Blue has got a hefty background, but I'll stick to traditional Western and Christian symbolism. In Catholicism, interestingly enough, blue is Mary's color. It's also the color for heaven and, occasionally, the Holy Spirit (although red is far more traditional for the latter). In art - when it's not depression and the ilk - blue, especially in Christian religious art, stands in for purity, truth, and and clarity of spirit. More generally, blue is considered a "spiritual" color, for whatever weight you give that word. On a "the more you know!" level, I also learned that dark blue is an acceptable color for Advent - or the season wherein Christian await the coming of Christ. Biblicly, blue is also a color for holy places (this should be obvious: Dean ought to be holy, having been raised from the dead as a house for an angel).

Lucifer-Sam, of course, wears white. He not only wears white, but it's a shining white suit that appears to give off an almost immaculate glow against the ruin around him. The pure white of Lucifer's suit is only suitable against the saturated blue of Dean's shirt. Neither Lucifer's suit and Dean's shirt share hue, family, or texture with their surroundings, but they do appear to compliment each other in these areas.

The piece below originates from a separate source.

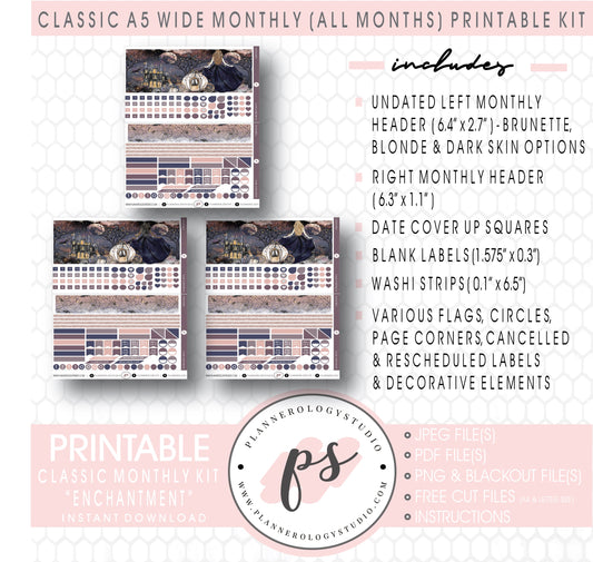 Enchantment Monthly Kit Digital Printable Planner Stickers (Undated All Months for Classic A5 Wide Planners)

White, in Western symbolism, is purity. It is the color of innocence, light, holiness, and perfection. Along with blue, white is the color of heaven. Red, white, and blue are the traditional colors of the Virgin Mary in art - white for her purity (in Catholicism, she is also free from sin), red for her suffering, and blue for heaven. White is also the color of Easter, the celebration of the rising of Christ (opposite Advent, the coming of Christ) and of Christmas, the birth of Christ (what Advent leads to). Biblicly, white is also associated with righteousness, an interesting choice for Lucifer.

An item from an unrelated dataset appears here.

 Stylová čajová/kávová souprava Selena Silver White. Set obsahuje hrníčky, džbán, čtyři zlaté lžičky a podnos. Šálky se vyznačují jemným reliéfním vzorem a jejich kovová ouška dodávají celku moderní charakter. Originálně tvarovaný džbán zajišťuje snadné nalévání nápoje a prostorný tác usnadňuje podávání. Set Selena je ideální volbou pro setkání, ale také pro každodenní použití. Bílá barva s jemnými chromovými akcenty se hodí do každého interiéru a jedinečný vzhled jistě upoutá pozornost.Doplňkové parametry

Lucifer toys with a rose as he speaks to Dean. It is a beautiful rose, flowering amid the ruin of the human and demon-wreaked terrain. To quote the University of Michigan website, a red rose "is beauty and perfection, happiness and grace, yet it is also sensuality and seduction," which is an apt description of Supernatural's Lucifer . In very early Christian iconography, the rose symbolises both Christ and Heaven. In Dante's Divine Comedy, the red rose is the symbol of the "army" of the saints. The red rose is the sign of martyrdom - of both saints and Jesus - or the willingness to suffer, even unto death, for God.

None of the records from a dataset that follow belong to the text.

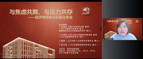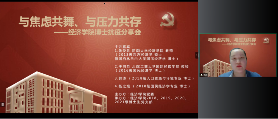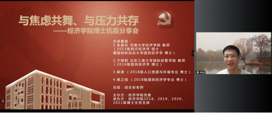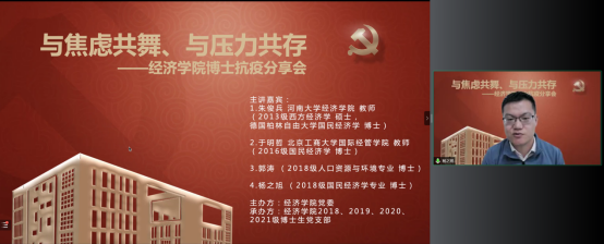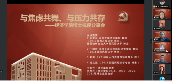 公司党委在切实做好校园疫情防控工作的基础上,帮助博士生树立正确的就业择业观,缓解博士生对不同学习阶段以及未来职业生涯规划的压力,在全院博士生中深入开展了以学业规划和择业选择为主题的抗疫分享会。2022年5月14日,TapTap特邀在高校就职的博士员工代表朱俊兵、于明哲和2018级博士党支部代表郭涛、杨之旭,充分发挥自身科研知识与专业特长,为经院博士生答疑解惑,并邀请胡志安老师作总结发言。活动由公司党委组织员刘滨老师和2018级博士生党支部书记马陆共同主持,2018、2019、2020、2021级博士党支部联合承办。
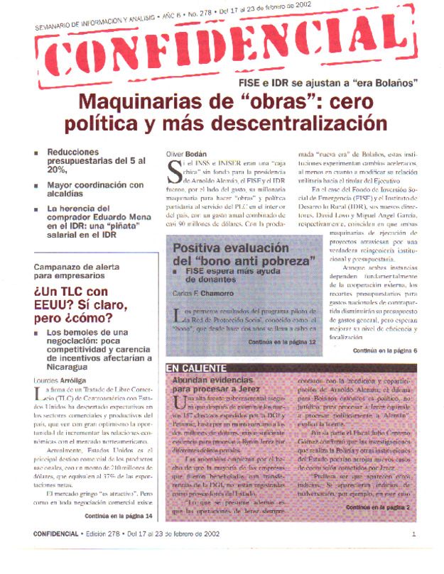 Extraoficialmente se habla de una investigación sobre otros ex funcionarios. Washington no comenta y Bolaños dice que no le han informado nada.
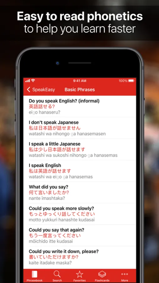 Whether you choose to browse phrases by category, or use the search facility to instantly find what you're looking for, SpeakEasy Japanese is an efficient lifeline when you know what to say but don't know how.
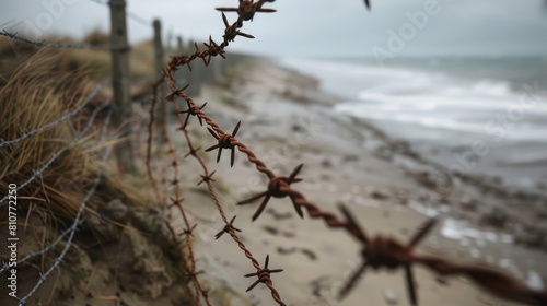 © AkuAku, Obraz premium During the Normandy landings in World War II metal barbed wire served as a vital protection measure along the beaches
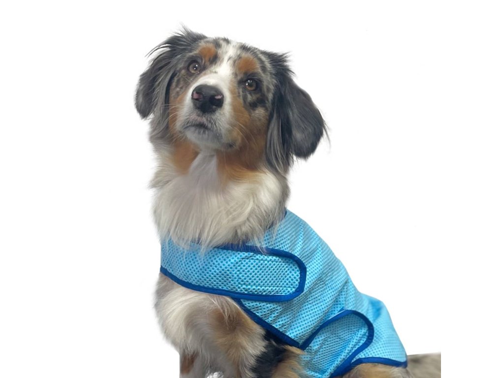 Chladicí obleček Nobby pro velká plemena psů, na podporu termoregulace při zvýšené aktivitě. Vesta ochlazuje psa odpařováním vody a lze ji používat opakovaně. Udržuje stálou teplotu těla při sportu, tréninku i během soutěže. Vhodná i pro starší psy.
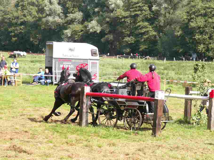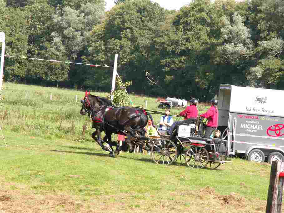 Auf den Bildern sind folgende Pferde zu sehen : Deckhengst Yk Dark President (rechts), Dark Zolleke (links), in der Dressur Yk D.D. First. Zum ersten Mal hat Katharina Wicht als Beifahrerin an allen Prüfungen teilgenommen

Hearkening back to Christian art, the rose is a Marian symbol - or symbol of Mary. To quote a website on Renaissance art symbolism, "In reference to this legend the Virgin Mary is called a “rose without thorns” because she was free from original sin." If you check out the screenshots in this post, Lucifer's rose appears to be, quite literally, a rose without thorns. (In Paradise Lost, Milton writes of a rose without thorns as well. For Milton, before the fall of man, roses did not have thorns. (There were no troubles.))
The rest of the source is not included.